Re: How to index text field with html entities ?

Posted by Chris Hostetter <ho...@fucit.org>.
: I have several xml files that contains html entities in some fields.

	...

: If I set my field like this:
: 
: <field name="au">Brown &amp; Gammon</field>
: 
: Solr generates error "Undeclared general entity"

...because that's not valid XML...

: if I add CDATA like this:
: 
: <field name="au"><![CDATA[Brown &amp; Gammon]]></field>
: 
: it seems that I can't search with the &

...because that is valid xml, and tells solr you want the literal string 
"Brown &amp; Gammon" to be indexed -- given a typical analyzer you are 
probably getting either "&amp;" or "amp" as a term in your index.

: Could you help me to find the right syntax ?

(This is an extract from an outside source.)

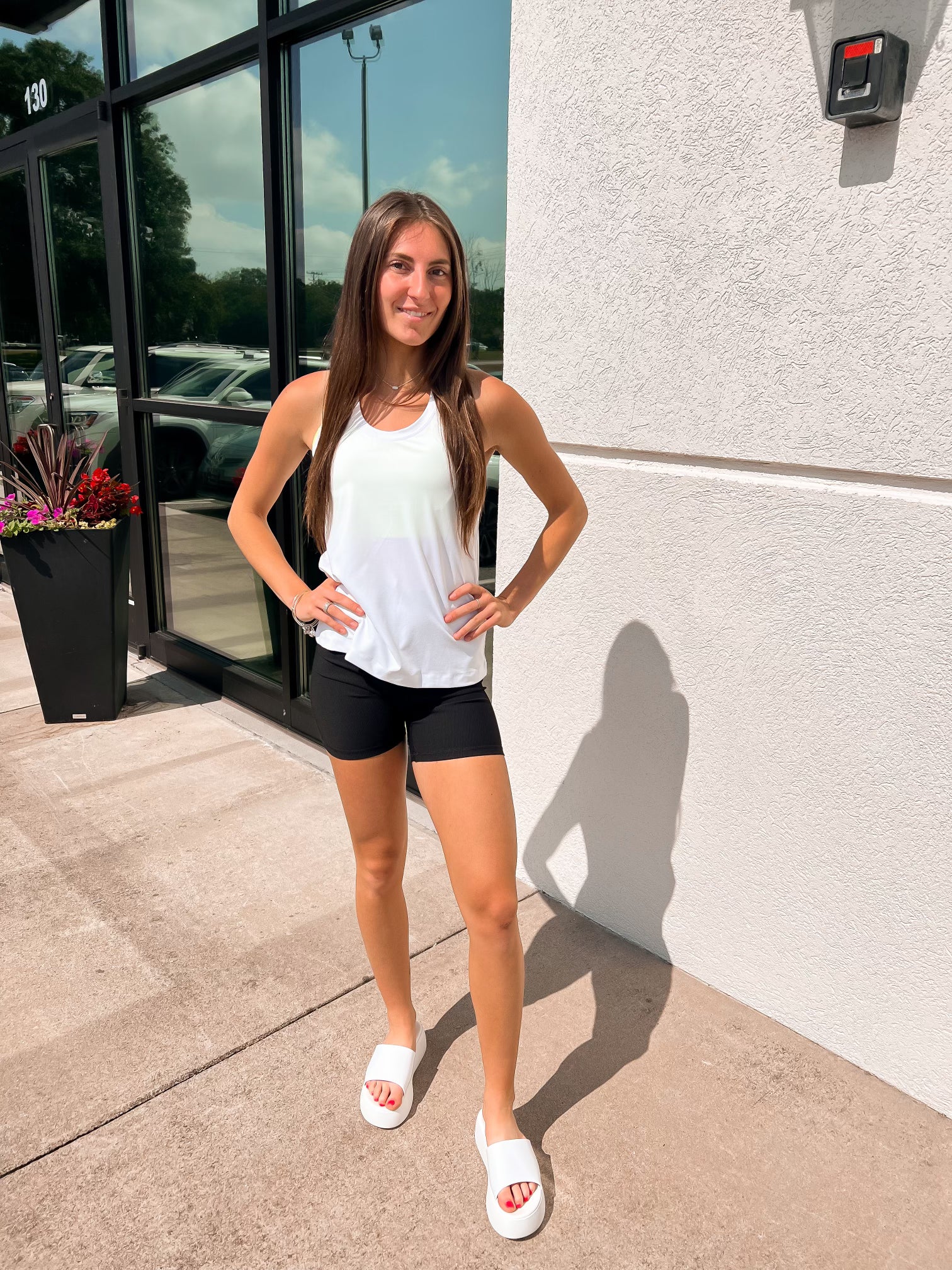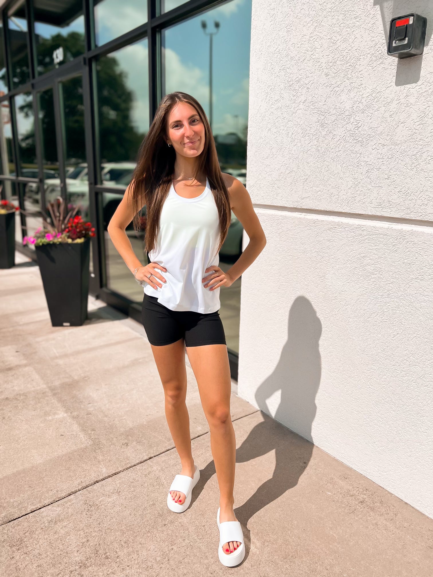 A designer looking tank that will not break the bank. Our Swifty Racerback tank is perfect for all of your workout needs. It is also a great layering piece. The soft material will make you never want to take it off.
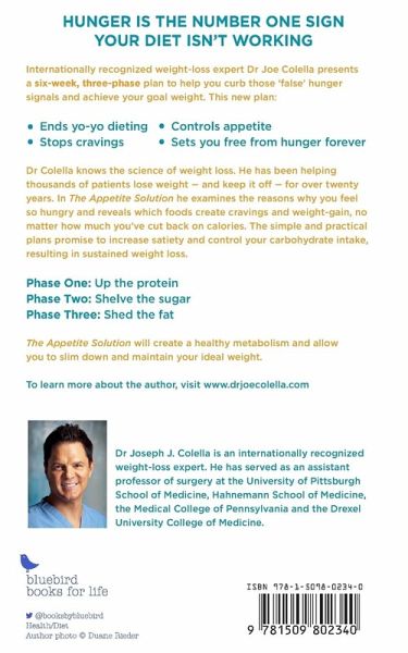 The Appetite Solution is weight loss expert Dr Joseph J. Colella's aggressive six-week, three-phase plan to help you jam 'false' hunger signals, diminish cravings and achieve your goal weight - breaking free of the carbohydrate addiction that packed on those difficult-to-shed pounds. Dr Colella examines the reasons why we feel so hungry and dismisses the diet myths that have recently been endorsed. He reveals how the 'sugar free', 'juice' and 'alkaline' diets that supposedly promote weight loss are actually loaded with hidden simple sugars that create cravings and lead to over eating. Instead, Colella proves to readers that the key to permanent weight loss is eating complex sugars and the right amount of protein. He introduces a simple and practical three stage plan that increases satiety and curbs your carbohydrate intake resulting in sustained weight loss: Phase One: Up the protein Phase Two: Lower Simple Sugars and begin moderate resistance exercise Phase Three: Shed the Fat The Appetite Solution launches you on a journey that is forever free from an excessive appetite, creating a healthy metabolism and bringing your weight under control permanently.

the client code you are using for indexing can either "parse" these HTML 
snippets using an HTML parser, and then send solr the *real* string you 
want to index, or you can configure solr with something like 
HTMLStripFieldUpdateProcessorFactory (if you want both the indexed form 
and the stored form to be plain text) or HTMLStripCharFilterFactory (if 
you wnat to preserve the html markup in the stored value, but strip it as 
part of the analysis chain for indexing.


http://lucene.apache.org/solr/6_1_0/solr-core/org/apache/solr/update/processor/HTMLStripFieldUpdateProcessorFactory.html
http://lucene.apache.org/core/6_1_0/analyzers-common/org/apache/lucene/analysis/charfilter/HTMLStripCharFilterFactory.html


-Hoss
http://www.lucidworks.com/